After a couple of phone calls and some confusion about how the skin pieces for cloning should actually be packaged, the shipment is ready. The courier picks up the parcel.
Kristin is already on her way back to the airport. She has mares giving birth in Norway and a daughter ready for marriage in Italy [in case you’re wondering about the emissions footprint of crazy-eyed Kristin’s absurd and, frankly, eugenicist dreams, that one question never pops up—but try to keep track of these notions in what follows].
In the stables, Donkey Boy is groggy again, hanging his head as his genes make their way across the Atlantic.
‘It’s gotta be o.k. to be a little crazy’
‘He's a fantastic horse. That’s why we’re cloning him’, says Kristin.
Kristin Gamlemshaug Andresen (67) grew up on horseback in Os, with a father who was a savings bank manager and a mother who volunteered for the Norwegian Association for the Blind. She studied hotel management, law, and economics, and worked for a long time as a flight attendant at SAS.
She got the surname Andresen in 1994 when she married fifth-generation tobacco heir Johan H. Andresen [now you know how and why Kristin has both these amounts of f***-around money and why she’s doing this].
The bride and groom ended up on the front page of VG [Norway’s leading tabloid] and Kristin was called a modern-day Cinderella [flight attendant-turned trophy wife, what a stellar career].
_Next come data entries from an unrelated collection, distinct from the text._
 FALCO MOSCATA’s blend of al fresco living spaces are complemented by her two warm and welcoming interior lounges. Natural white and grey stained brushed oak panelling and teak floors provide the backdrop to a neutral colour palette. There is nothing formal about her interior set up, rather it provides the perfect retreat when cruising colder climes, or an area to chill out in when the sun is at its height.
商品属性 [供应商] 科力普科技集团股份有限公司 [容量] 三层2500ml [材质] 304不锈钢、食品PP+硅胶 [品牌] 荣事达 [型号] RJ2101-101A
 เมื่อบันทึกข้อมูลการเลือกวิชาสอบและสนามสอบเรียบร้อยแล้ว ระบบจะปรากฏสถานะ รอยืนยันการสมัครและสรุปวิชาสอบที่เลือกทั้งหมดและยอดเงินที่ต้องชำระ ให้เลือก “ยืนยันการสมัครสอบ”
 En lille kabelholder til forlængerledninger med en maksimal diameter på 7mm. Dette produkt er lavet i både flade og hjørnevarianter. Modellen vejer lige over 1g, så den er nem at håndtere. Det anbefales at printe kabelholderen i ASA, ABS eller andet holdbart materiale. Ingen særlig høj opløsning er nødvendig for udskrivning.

Today, her husband and their two daughters are owners of the investment company Ferd.
Kristin fills her days and the family chronicle with her own projects [see, she’s been kept busy as a queen bee]: she builds schools in India, looks after the family’s many properties, and trains horses with international ambitions [there’s some bullshit bingo-worthy trifecta of very important things™ billionaire wives do…].
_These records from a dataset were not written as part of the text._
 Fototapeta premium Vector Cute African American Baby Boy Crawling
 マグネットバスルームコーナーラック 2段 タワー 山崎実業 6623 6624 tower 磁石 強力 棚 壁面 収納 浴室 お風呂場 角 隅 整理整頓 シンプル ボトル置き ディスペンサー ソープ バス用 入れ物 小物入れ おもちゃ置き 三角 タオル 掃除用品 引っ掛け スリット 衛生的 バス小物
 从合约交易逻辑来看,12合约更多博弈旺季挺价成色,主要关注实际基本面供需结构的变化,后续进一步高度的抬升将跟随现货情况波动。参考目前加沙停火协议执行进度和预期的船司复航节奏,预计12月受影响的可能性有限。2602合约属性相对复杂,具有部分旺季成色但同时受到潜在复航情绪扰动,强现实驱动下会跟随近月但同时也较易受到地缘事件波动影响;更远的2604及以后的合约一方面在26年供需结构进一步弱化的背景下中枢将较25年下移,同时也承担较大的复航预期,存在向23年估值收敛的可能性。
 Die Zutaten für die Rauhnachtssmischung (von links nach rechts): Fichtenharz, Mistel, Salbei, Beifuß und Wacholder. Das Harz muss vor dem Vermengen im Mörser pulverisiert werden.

At the Evje manor outside Moss, Kristin has created an equestrian paradise together with her daughter Alexandra, Norway’s third richest person.
There, the horses run around like groomed ballerinas, before softening up tired muscles in the solarium. The very best earn millions as breeding and dressage horses.
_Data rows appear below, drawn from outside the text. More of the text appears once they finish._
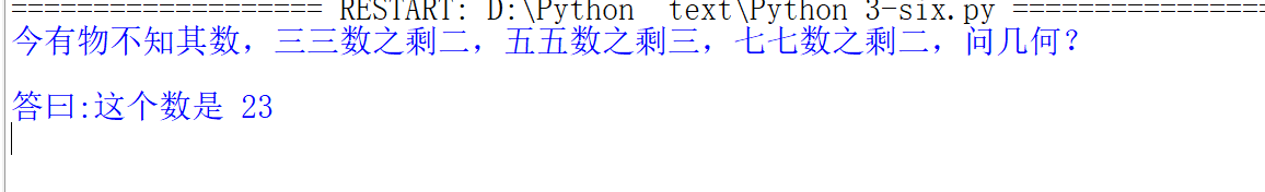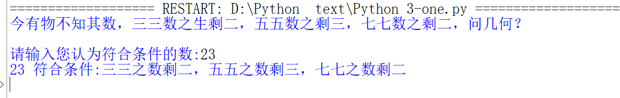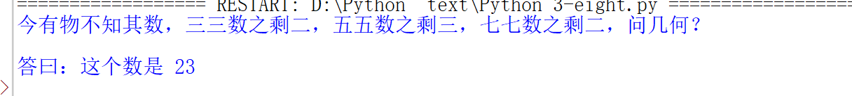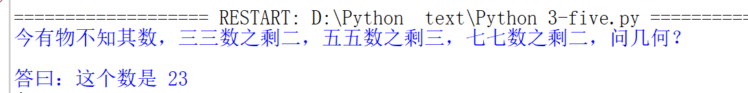 rint("今有物不知其数,三三数之剩二,五五数之剩三,七七数之剩二,问几何?\n")
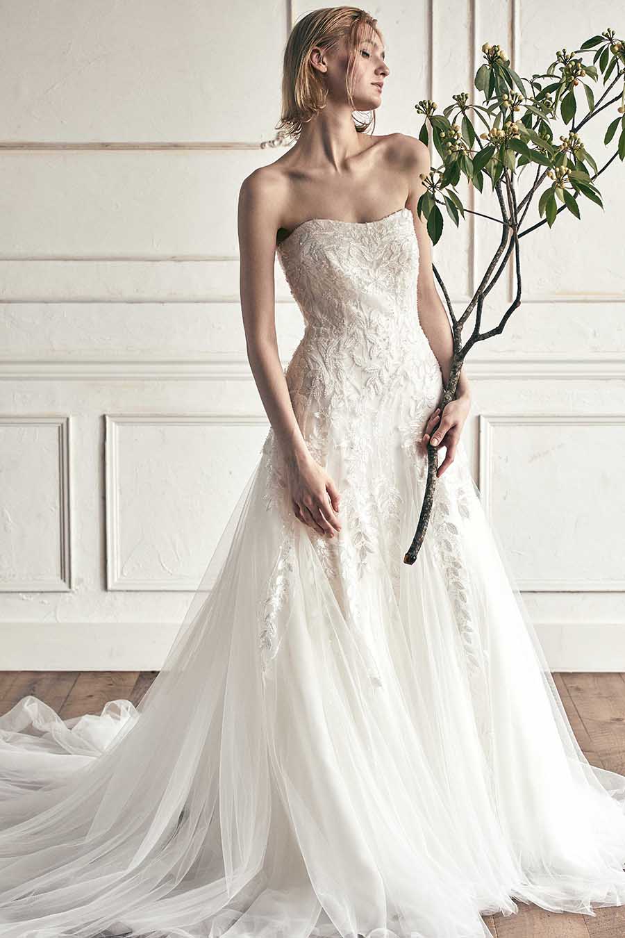 控えめな華やかさと繊細なディテールを持つドレスが、優しく溶け込みます。
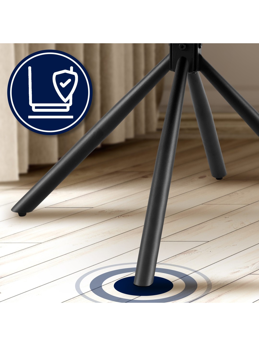 La base de esta silla tipo sillón es la estructura de cuatro patas de metal con recubrimiento en polvo en color negro mate. La silla de comedor Tipton puede soportar hasta 130 kilogramos sin dudarlo. Los protectores de suelo evitan que los suelos sensibles se rayen.
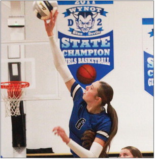 Kenna Oligmueller and Mya Pinkelman paced the Wynot attack with seven kills each in the match, Jordan Foxhoven slammed four and Haley Wieseler recorded 15 set assists.

And the king is 13-year-old Donkey Boy. So much so that he has his own bronze statue on the farm [speaking, once more, of biblical allusions, shall we talk about golden calves now? I’m sorry not sorry about the running commentary, but these descriptions make Kristin and her ilk sound like scripted Hollywood élites, and I kinda can’t shake that sense of fakery].
After all, he earns two million kroner a year from the sale of semen alone.
Kristin G. Andresen is now sitting in the office building at the horse farm, reflecting on the first part of the cloning process [well, if that’s what you gotta do as a billionaire wife, it’s what you gotta do].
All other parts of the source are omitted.